The San Diego Community College District consists of three two-year community colleges and seven Continuing Education campuses. For the 2018–19 school year, all institutions were serving approximately 102,000 students. The three colleges offer associate degrees and certificates in occupational programs that prepare students for entry-level jobs, and arts and sciences programs that transfer to four-year colleges and universities. Mesa College offers a bachelor's degree in health information management. Continuing Education's Educational Cultural Complex (ECC) also offers classes leading to associate degrees and certificates.

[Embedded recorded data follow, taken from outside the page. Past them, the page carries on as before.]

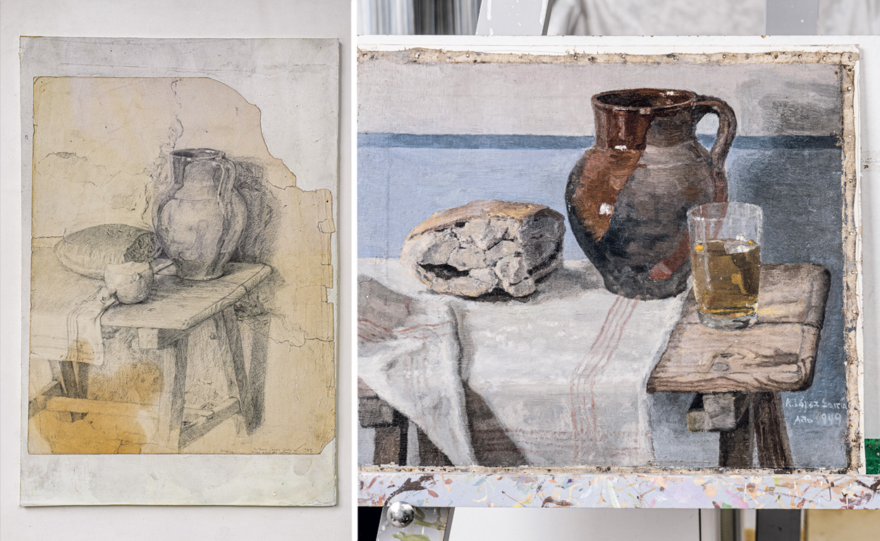 Antonio López conserva el primer dibujo y el primer óleo que hizo con 13 años. Ese óleo se reproduce aquí por primera vez. En el verano de 1949, en Tomelloso, el hermano de su padre que era pintor, Antonio López Torres, lo vio pintar unas copias de una revista. Le dijo que tenía que pintar del natural. Por primera vez le colocó una mesita, una servilleta, un trozo de pan… «Al principio pensaba que pintar era copiar y al poco tiempo me doy cuenta de que es otra cosa. ¿Qué cosa? Pues ahí es donde empieza la aventura de verdad del pintor. No hay una fórmula en absoluto. Tienes que hacer y sentir. Es como una relación amorosa».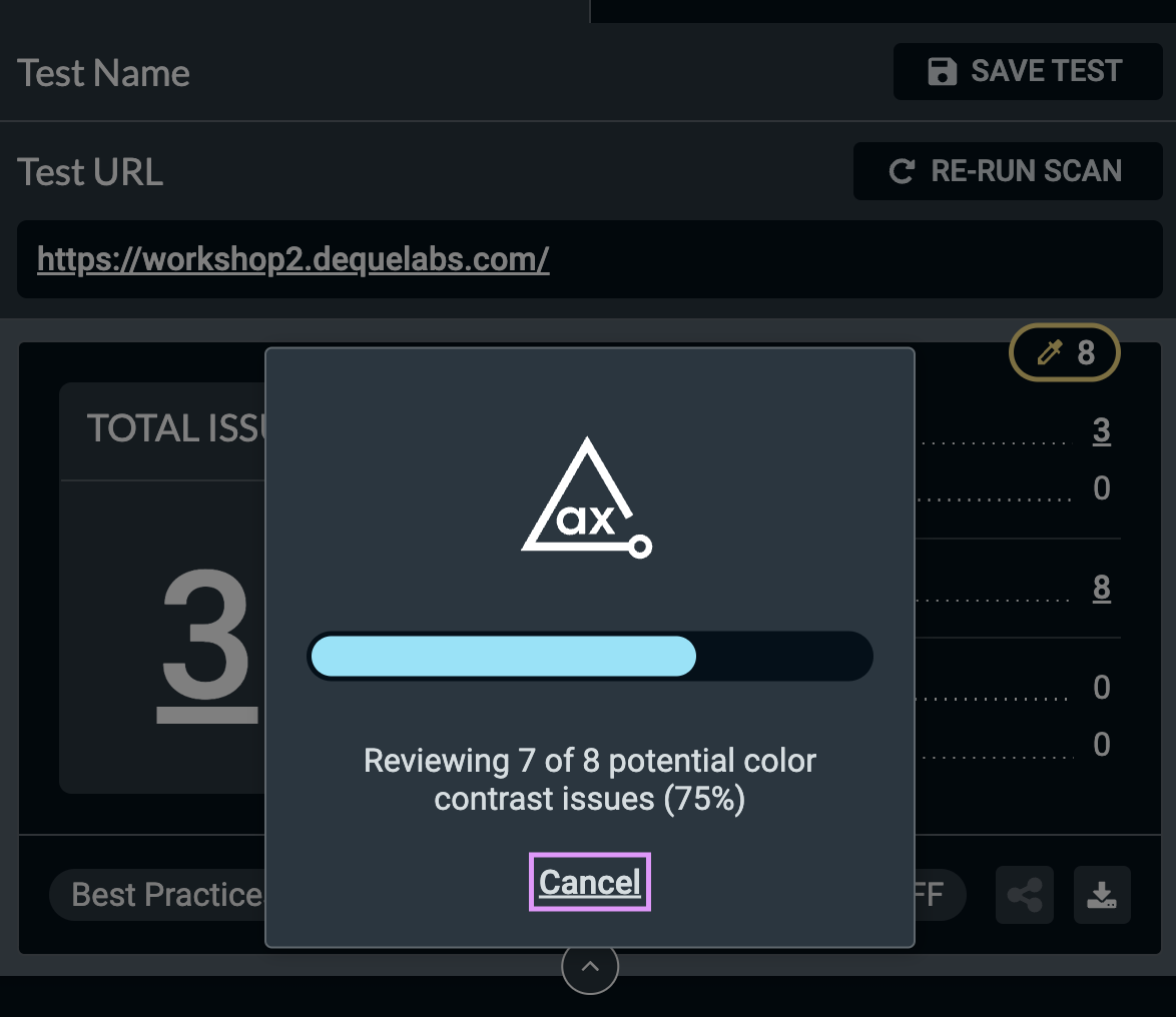 Users can opt in to having the tool run automatically after each scan completes. This may significantly increase the time it takes to finish each scan. In this mode, the color contrast tool will kick off immediately after the automatic scan completes.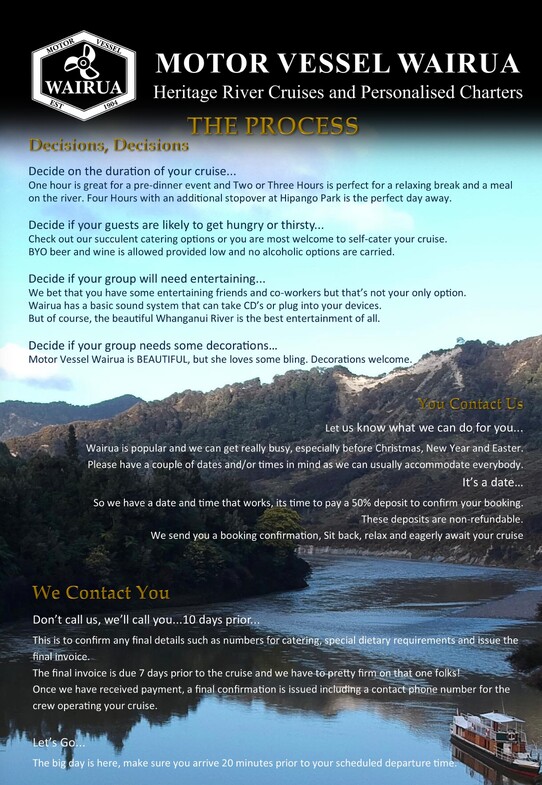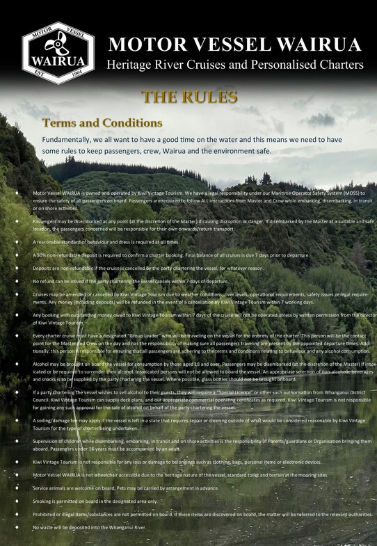 We require a Non-Refundable Deposit of 50% to make a booking, along with the completion of our Charter Cruise Agreement. The final balance is payable no less than 7 days prior for the cruise to proceed.

The Continuing Education campuses offer adults noncredit vocational, basic skills, life skills, and enrichment classes at sites throughout the city. A number of special programs are unique to the city, including KSDS-FM all-jazz radio, the Center for Competitive and Applied Technologies, and the Workplace Learning Resource Center.

San Diego City College

Located in downtown San Diego as the first community college in the city and the third in California, City College sits on 60 acres and offers over 100 majors to more than 20,000 students. Besides general education, transfer and AA/AS degree programs, some of the disciplines available at City are:

San Diego Mesa College

As one of the largest and most successful of California's 112 community colleges, and as the largest college in the San Diego Community College District, Mesa College opened in 1964 and it now serves over 24,000 students on a campus of 104 acres offering more than 150 programs of instruction. Among its unique programs available on campus are:

San Diego Miramar College

Located on 120 acres in the Mira Mesa/Scripps Ranch suburban area of San Diego along the I-15 corridor, Miramar opened as a training facility for San Diego's law enforcement personnel and firefighters in 1969.

Today, Miramar College offers over 120 certificates, associate degrees, and comprehensive 4-year university transfer programs and is home to the Southern California Biotechnology Center, the Advanced Transportation and Energy Center, and the San Diego Regional Public Safety Institute which provides training for nearly all law enforcement officers and firefighters within San Diego County and also trains EMTs and offers the only open water lifeguard degree in the world. Miramar has the only entry-level biotechnology program in San Diego County.  Miramar boasts unique career training in the following:

San Diego Continuing Education
San Diego Continuing Education was the first and remains the only community college continuing education institution in California to meet the standards for independent accreditation from the Western Association of Schools and Colleges. Continuing Education was also one of the first in California to establish a Joint High School Diploma partnership with the local school district, and was also among the first continuing education programs in California to serve 100,000 students per academic year.

Today, the Continuing Education system consists of seven campuses and 56 partnered locations throughout the city where instruction may be offered in collaboration with schools, community service providers, and other institutions. Instruction offered at Continuing Education includes:

Computer information technology
Career training
Disability support programs
English as a second language (ESL)
GED/high school diploma
Parenting education
U.S. Citizenship preparation

Admissions
The San Diego Community College District conducts open enrollment in all of its three community colleges and seven Continuing Education campuses.

Academics
City College, Mesa College, and Miramar College as public two-year community colleges administered by the San Diego Community College District offer credit programs leading to degrees, transfer, employment, and skills improvement along with the District's Continuing Education division of seven major campuses throughout San Diego.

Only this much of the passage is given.